Well, youve picked 1) a rather nice looking subject there, but 2) a not very well known example; and as always Japo and EE agree on some stuff and diverge on others, regarding the D-13. However, given Crandall's involvement with Yellow 10 over the years, one must give his overview a decent amount of credence. But at the same time, EE seems to suggest that 836017 wore a base camo of RLM82/76, it also seems to state that 836016 wore RLM82/83 (EE volII, pg.285)
First, what is agreed on - RLM76 lower and RLM82 on the fuselage.
Second what is disagreed on:
EE - RLM82/83 upper fuselage colours (and presumably wing), RLM75 wing lower leading edge.
Japo - RLM81/82 upper fuselage colours, RLM76/81 wing camo and RLM81 wing lower leading edge.

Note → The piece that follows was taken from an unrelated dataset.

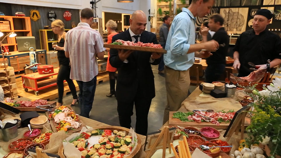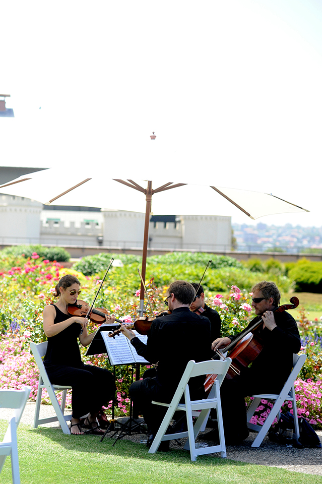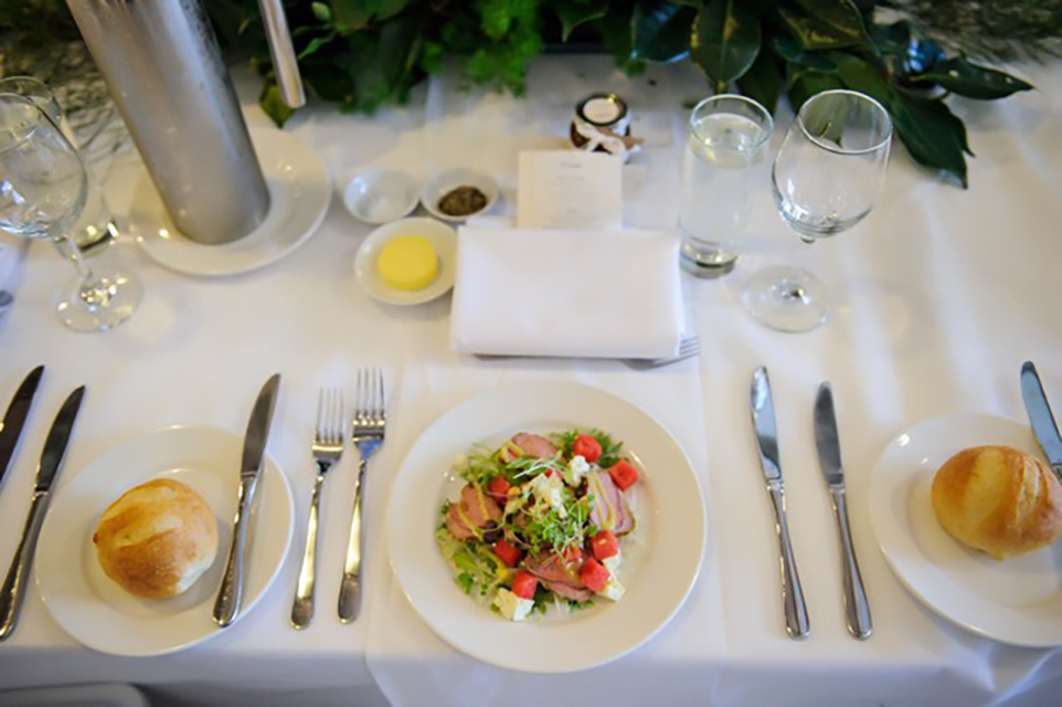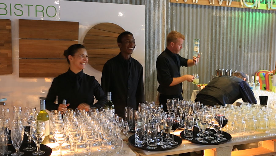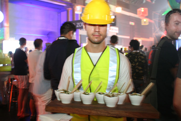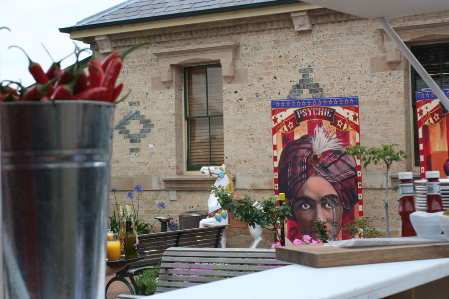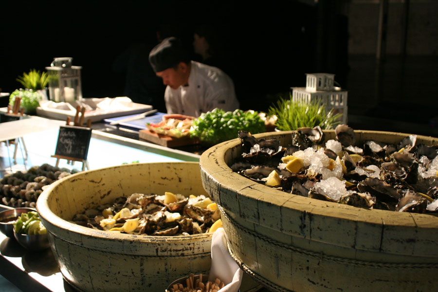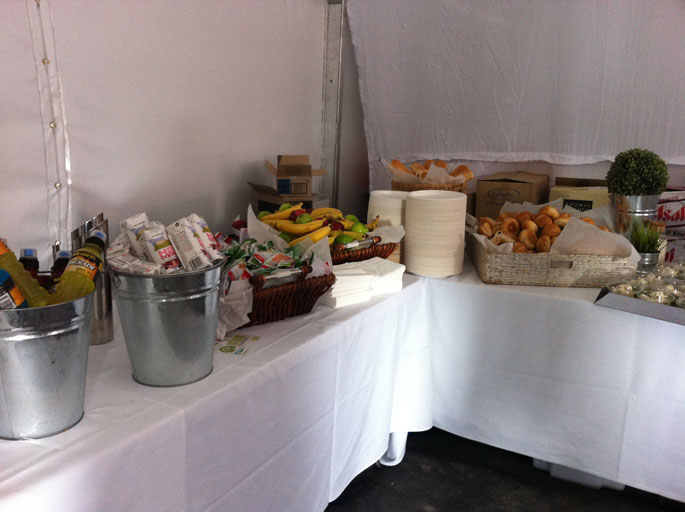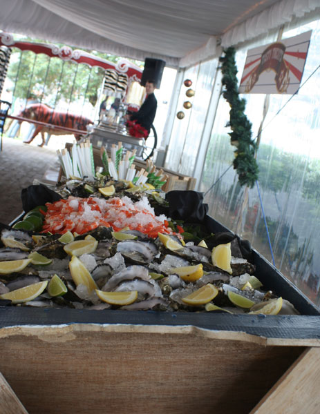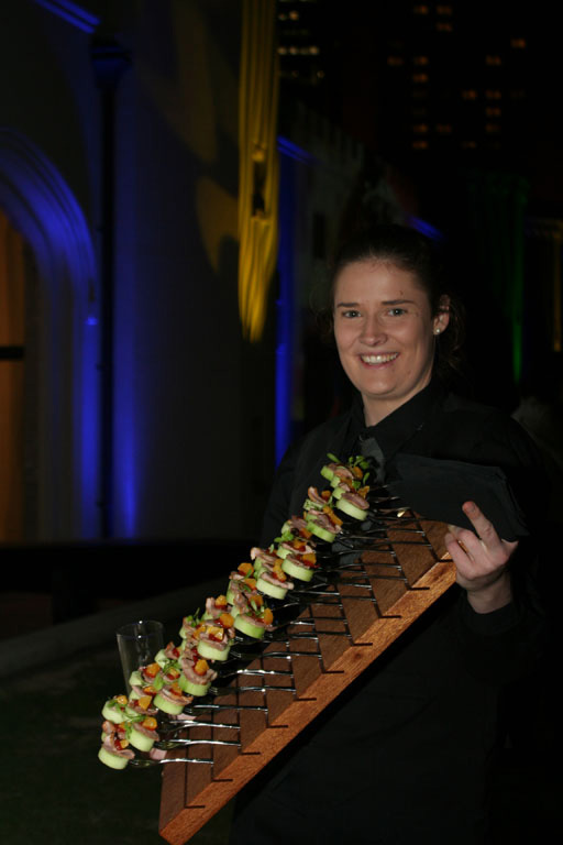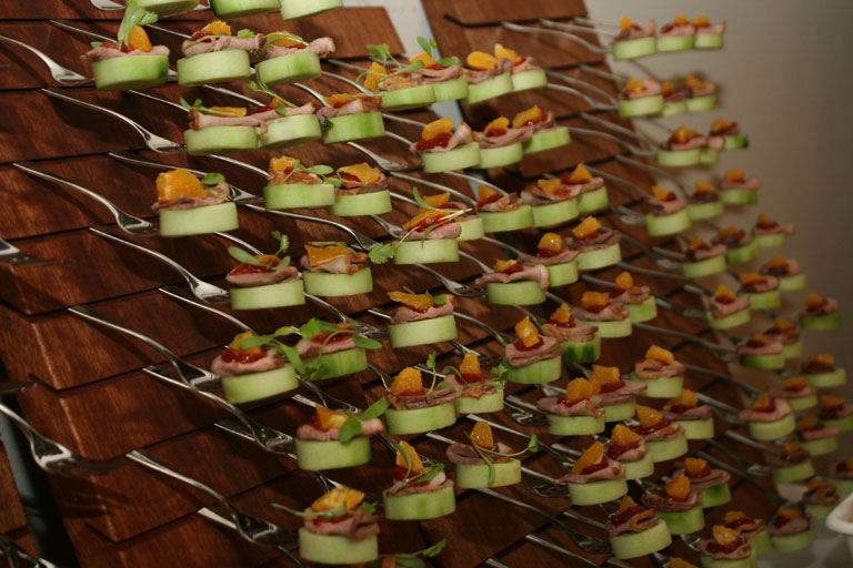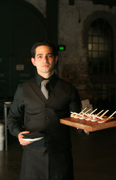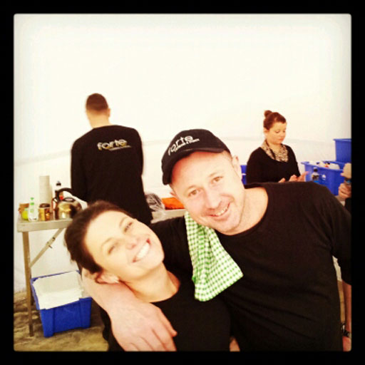 Fete stalls and wooden food trucks were positioned in the courtyard to add to the fun & vibrant theme of the day. Inside the marquee guests were greeted by a fresh oyster and raw bar displayed in a row boat with a selection of oysters, yamba prawns, hiramasa kingfish sashimi with young ginger & fuji apple salad, scallops with nashi pear dressing, yellowfin tuna & Atlantic salmon sashimi. Accompaniments included edamame beans, wakame salad, fresh lemons & limes and miniature clay cups of Dassai sake.

The updated Japo profile does appear to be hedging bets between RLM75 and 81 however:
Third, my gut:
Crandall makes numerous claims that the paint found on 836017 was mostly RLM76 (lower) and RLM75 (upper), so I feel it unlilkely that the next a/c in the production sequence would be finished so radically differently (of course to be fair and balanced, if the fuselage sub-assemblies were completed - and pre-painted - by different factories, that may explain this). BUT by that stage of the war, the combinations of 81/82, 82/83, 81/83, 75/82, 75/83 and pretty much any other combination you want to pick, are valid! To add further confusion, the different mixes of RLM81 (that are known) range from a Dark-Green to a Olive-Brown-Violet, so the Crandall interpretation of RLM82/83 may well be an aircraft in 81/82, where the 81 is the very green shade of the colour.
The conclusion is that as long as you follow the 'known patterns' on the a/c and retain the tonal difference that we see in the images, its hard to go wrong.
If I was going to paint this a/c, I'd likely be trying to decide between RLM81/82 and RLM82/83 uppers also (the general consensus seems to be 82/83 was an intermediate scheme and 81/82 was the late war scheme - however there is also an argument that RLM81/82 was the 'winter scheme' and RLM82/83 was the 'summer scheme'). You could also take the approach I ended up with on a D-11 (which happened by accident in fact) was that I ended up with a 'Dark Green' mix that is not quite RLM83, but is not far off the early 'green' RLM81 variants, allowing me to argue either! Sneaky, I know!
Hahahaha, I don't think I have helped at all, have I?